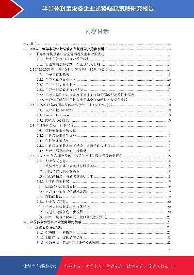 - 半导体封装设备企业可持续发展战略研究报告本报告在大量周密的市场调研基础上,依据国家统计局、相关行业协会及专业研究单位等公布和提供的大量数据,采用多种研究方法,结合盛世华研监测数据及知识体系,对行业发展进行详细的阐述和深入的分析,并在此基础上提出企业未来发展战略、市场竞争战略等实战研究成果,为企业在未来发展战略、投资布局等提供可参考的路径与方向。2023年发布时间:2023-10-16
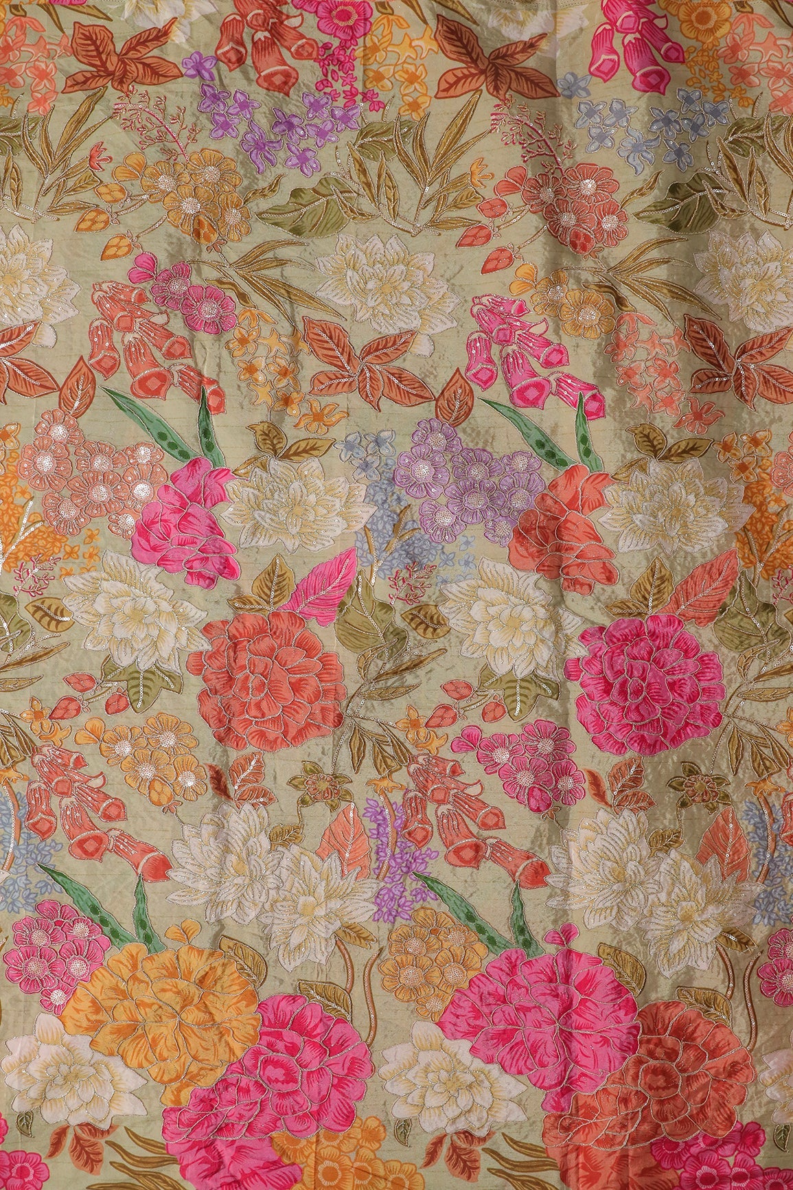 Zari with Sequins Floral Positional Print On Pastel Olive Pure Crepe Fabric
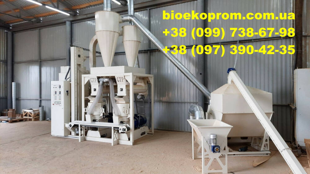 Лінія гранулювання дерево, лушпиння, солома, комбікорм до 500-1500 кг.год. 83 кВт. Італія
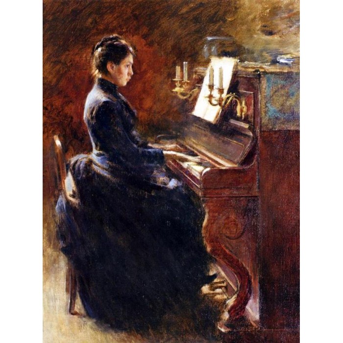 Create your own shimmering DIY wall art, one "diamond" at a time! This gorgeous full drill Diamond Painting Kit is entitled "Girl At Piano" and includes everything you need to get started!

#### REQUIRED ACTION
Starting with the line that holds "Лінія гранулювання дерево, лушпиння, солома, комбікорм", reproduce exactly each line up to and including the last line of the material above, and drop the pictures.

#### SOLVED PROBLEM
 Лінія гранулювання дерево, лушпиння, солома, комбікорм до 500-1500 кг.год. 83 кВт. Італія
 Create your own shimmering DIY wall art, one "diamond" at a time! This gorgeous full drill Diamond Painting Kit is entitled "Girl At Piano" and includes everything you need to get started!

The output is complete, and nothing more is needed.